§ PROBLEM REQUIREMENTS: Print, with no pictures, the exact lines that run from the one containing "w tym szklanki" through the last line of the material below, both ends included.

§ DATASET ENTRIES:

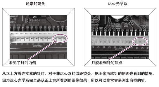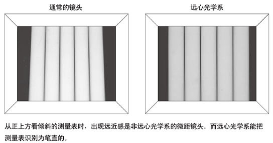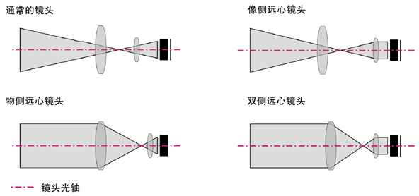 對于鏡頭光軸,主光線與其平行的鏡頭。當需要同軸落射照明的時候,物側(cè)遠心鏡頭是有效的。對于被拍攝物體,有利于接受垂直照明的正反射光。在景深方向的尺寸測量時,數(shù)值的變動小,周邊幾乎不會變形,適用于高精度測量。
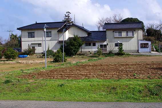 裏道になるが、諸橋公民館と清水の里から見ると我が家の全景が見えて、左側が工房
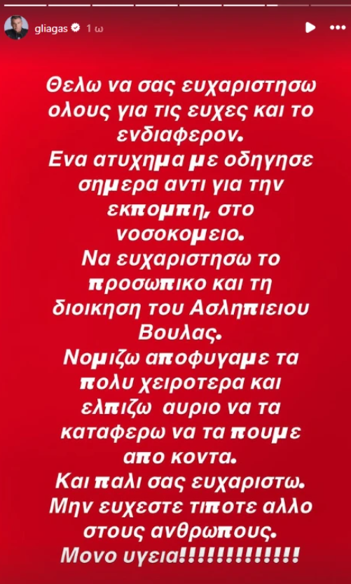«Θέλω να σας ευχαριστήσω όλους για τις ευχές και το ενδιαφέρον. Ένα ατύχημα με οδήγησε σήμερα αντί για την εκπομπή στο νοσοκομείο. Να ευχαριστήσω το προσωπικό και τη διοίκηση του Ασκληπιού Βούλας. Νομίζω αποφύγαμε τα πολύ χειρότερα και ελπίζω αύριο να τα καταφέρω να τα πούμε από κοντά. Και πάλι σας ευχαριστώ. Μην εύχεστε τίποτα άλλο στους ανθρώπους. Μόνο υγεία!», ανέφερε χαρακτηριστικά στη λεζάντα της ανάρτησής του.
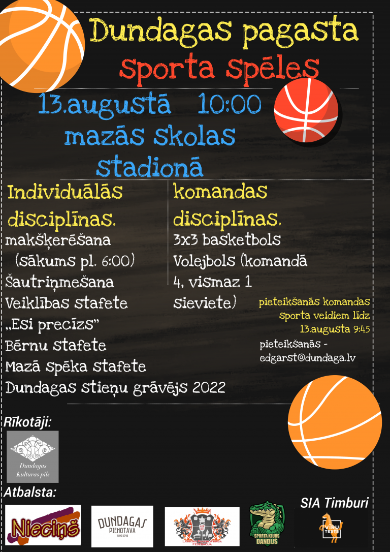 13. augustā plkst. 10.00 norisināsies ikgadējās Dundagas pagasta sporta spēles, kuras aicinās ikvienu sportot gribētāju, mazās skolas stadionā, piedalīties sportiskās aktivitātēs.
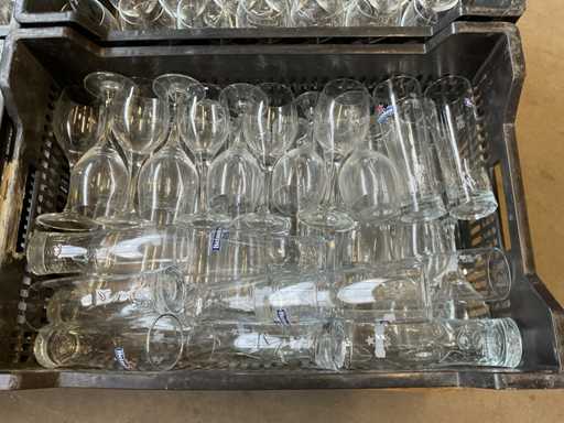 w tym szklanki do wina, piwa i herbaty, w tym plastikowe skrzynki.
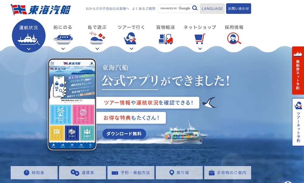 大型船に関する詳細情報は東海汽船HPから確認できます。
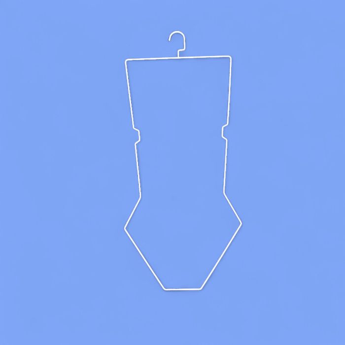 Nærföt og sundföt – Hvít, 38 x H85 cm. Málma / vír herðatré, fullkomið til að sýna nærföt, bikiní og sunddress. Frábært til notkunar í gluggasýningum og á framställum. Mál: 38 cm breitt x 85 cm hátt. Föst málm herðakrókur. Hvít málning
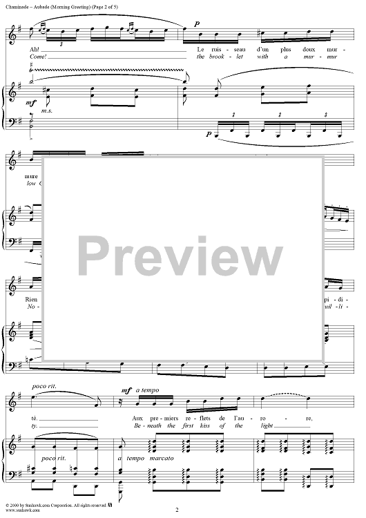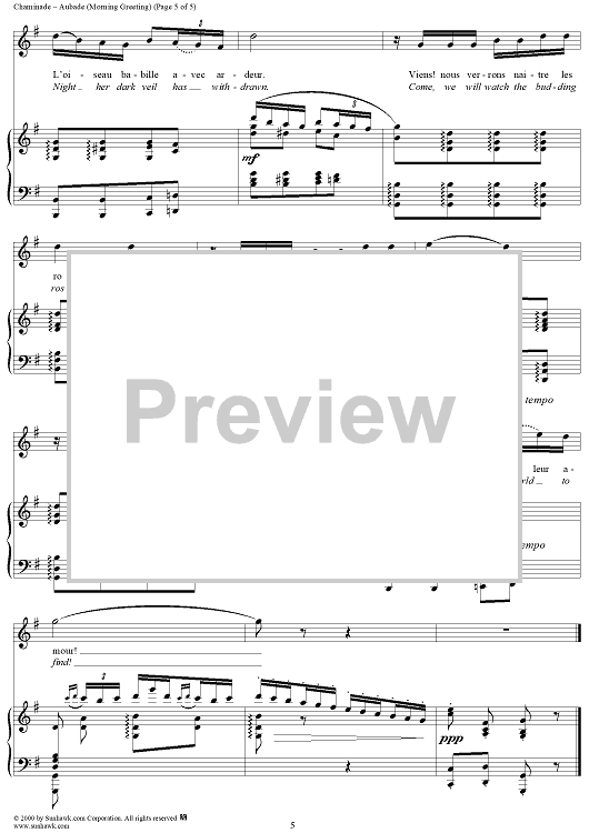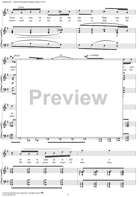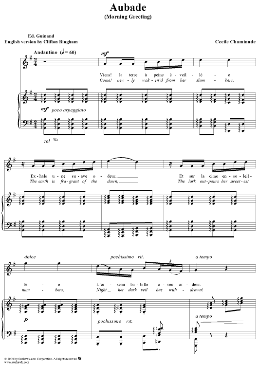 Digital Sheet Music for Aubade (Morning Greeting) by Cécile Chaminade, Ed. Guinand scored for Voice/Piano; id:273415
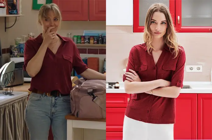 Audrey (Gabrielle Atger) porte cette chemise bordeaux en lin. On la trouve ici.

§ ANSWER TO THE PROBLEM:
 w tym szklanki do wina, piwa i herbaty, w tym plastikowe skrzynki.
 大型船に関する詳細情報は東海汽船HPから確認できます。
 Nærföt og sundföt – Hvít, 38 x H85 cm. Málma / vír herðatré, fullkomið til að sýna nærföt, bikiní og sunddress. Frábært til notkunar í gluggasýningum og á framställum. Mál: 38 cm breitt x 85 cm hátt. Föst málm herðakrókur. Hvít málning
 Digital Sheet Music for Aubade (Morning Greeting) by Cécile Chaminade, Ed. Guinand scored for Voice/Piano; id:273415
 Audrey (Gabrielle Atger) porte cette chemise bordeaux en lin. On la trouve ici.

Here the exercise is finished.